_THE TASK_. When you transcribe the data below, reproduce every line exactly and leave each picture out.

_Stored records_.
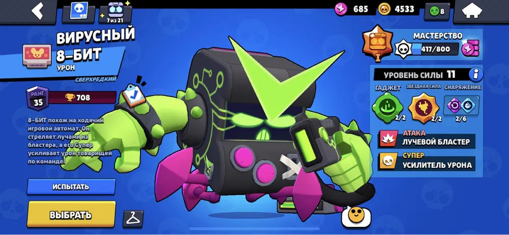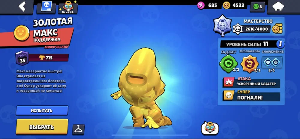 🏆Кубков: 33932; ⭐Уровень: 24; 💪Бойцов: 55/72; ⚡Леги: Леон, Спайк, Амбер, Ворон, Сэнди, Мег;
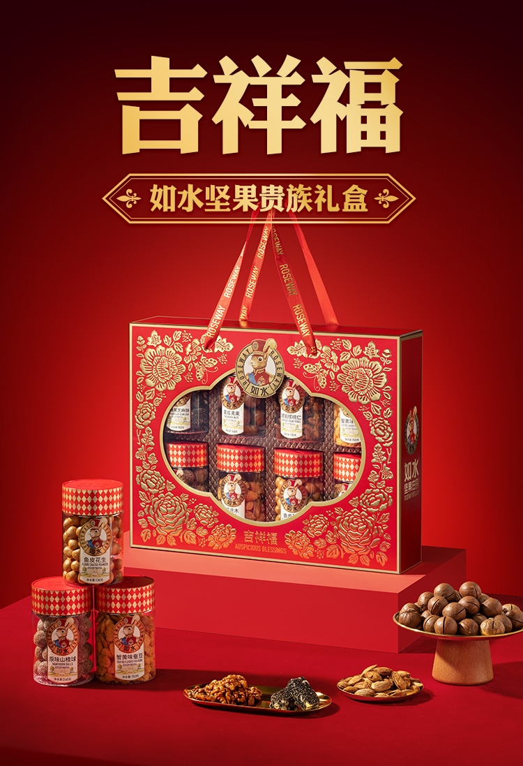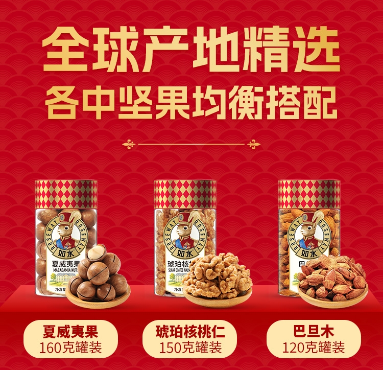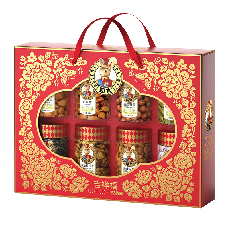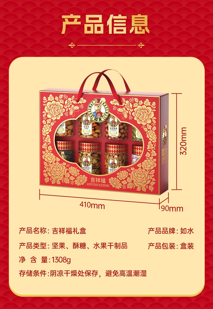 如水坚果全球原产地直采,只挑选高等级高品质原材料.;5种坚果炒货+2种蜜饯 果干+1种坚果酥糖;“海棠花”+“如意”形 开窗设计,融入东方传统采用
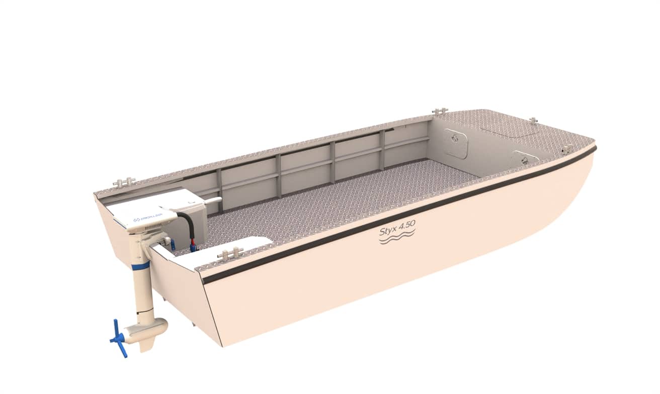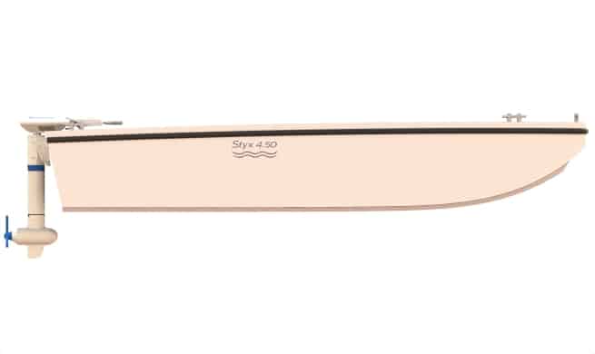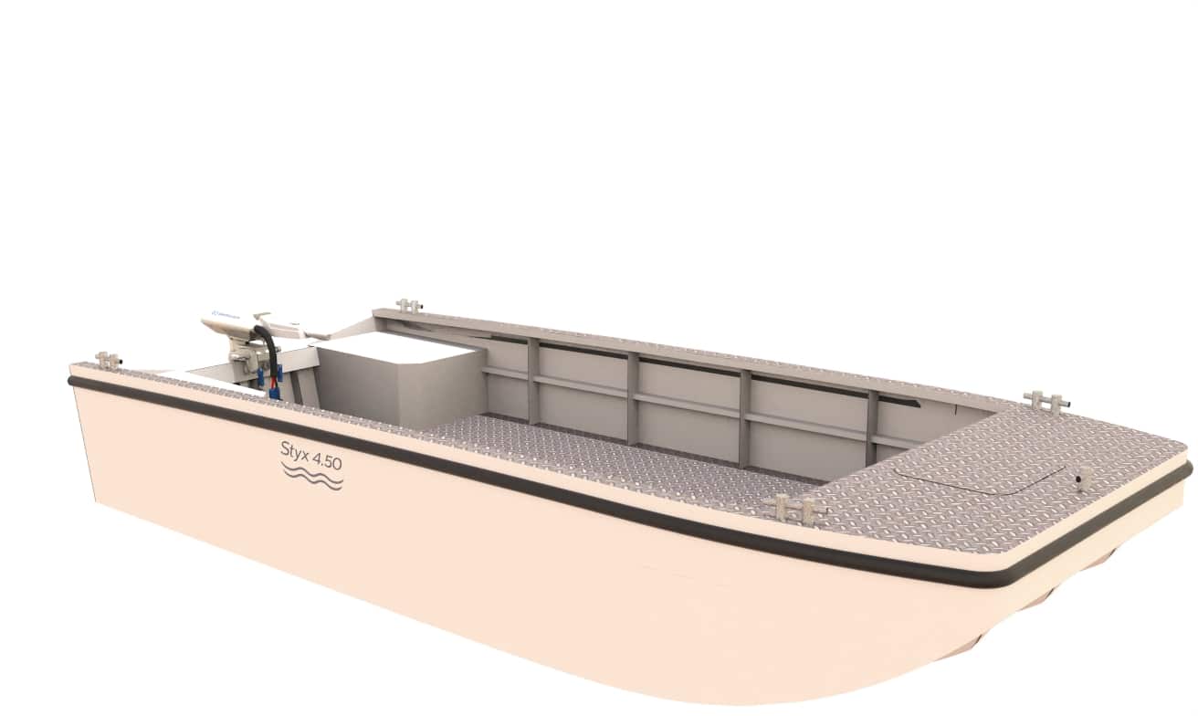 La motorisation électrique hors-bord de 6 kW (avec option de cockpit repliable) garantit des déplacements silencieux et écologiques, parfaits pour profiter de la navigation en toute sérénité. Le STYX 450 peut transporter jusqu’à 350 kg de charge utile, idéal pour les transferts d’équipage et de matériel.
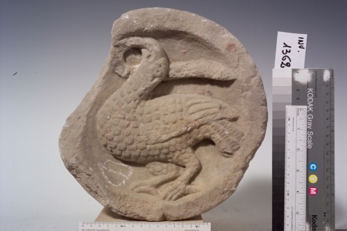 patera di forma circolare che racchiude un animale fantastico con corpo di uccello e testa di serpente.
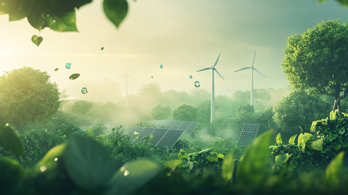 Создано на основе запроса: an eco-friendly scene with natural elements like trees, leaves, solar panels, wind turbines, and recycling
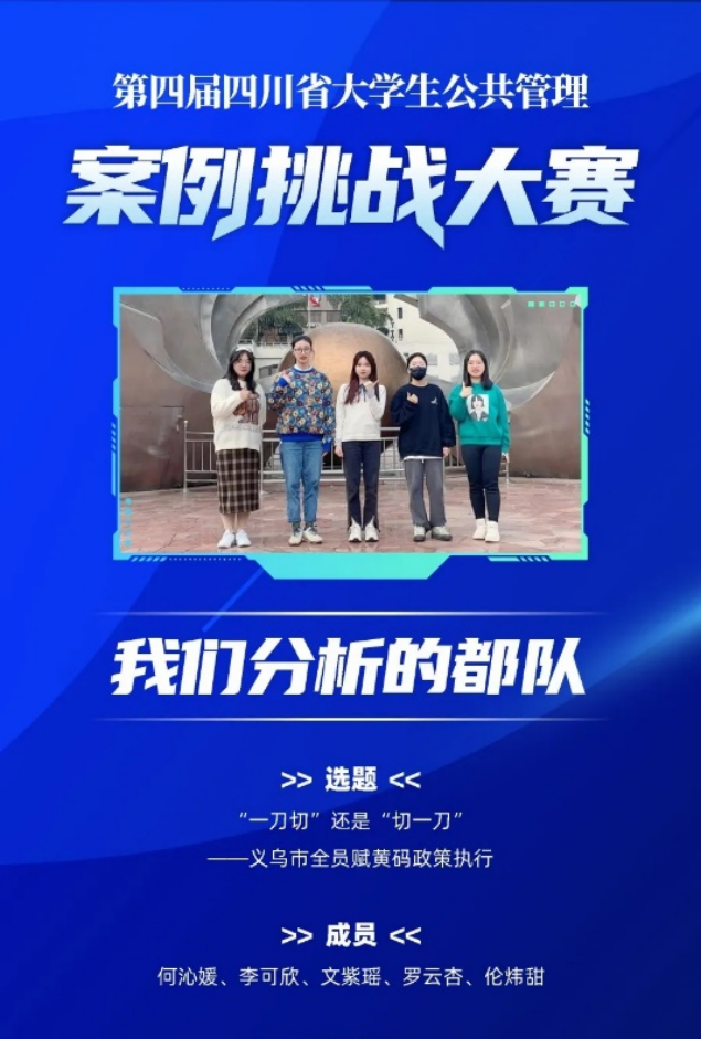 2022年12月11日,四川省第四届公共管理案例挑战大赛决赛在西南财经大学成功举行,由公司严敏老师指导,政治学与行政学专业2021级本科生何沁媛、李可欣、罗云杏、伦炜甜和公共事业管理专业2021级本科生文紫瑶组成的参赛队伍在比赛中斩获“一等奖铜奖”佳绩。

_ANSWER BELOW_.
 🏆Кубков: 33932; ⭐Уровень: 24; 💪Бойцов: 55/72; ⚡Леги: Леон, Спайк, Амбер, Ворон, Сэнди, Мег;
 如水坚果全球原产地直采,只挑选高等级高品质原材料.;5种坚果炒货+2种蜜饯 果干+1种坚果酥糖;“海棠花”+“如意”形 开窗设计,融入东方传统采用
 La motorisation électrique hors-bord de 6 kW (avec option de cockpit repliable) garantit des déplacements silencieux et écologiques, parfaits pour profiter de la navigation en toute sérénité. Le STYX 450 peut transporter jusqu’à 350 kg de charge utile, idéal pour les transferts d’équipage et de matériel.
 patera di forma circolare che racchiude un animale fantastico con corpo di uccello e testa di serpente.
 Создано на основе запроса: an eco-friendly scene with natural elements like trees, leaves, solar panels, wind turbines, and recycling
 2022年12月11日,四川省第四届公共管理案例挑战大赛决赛在西南财经大学成功举行,由公司严敏老师指导,政治学与行政学专业2021级本科生何沁媛、李可欣、罗云杏、伦炜甜和公共事业管理专业2021级本科生文紫瑶组成的参赛队伍在比赛中斩获“一等奖铜奖”佳绩。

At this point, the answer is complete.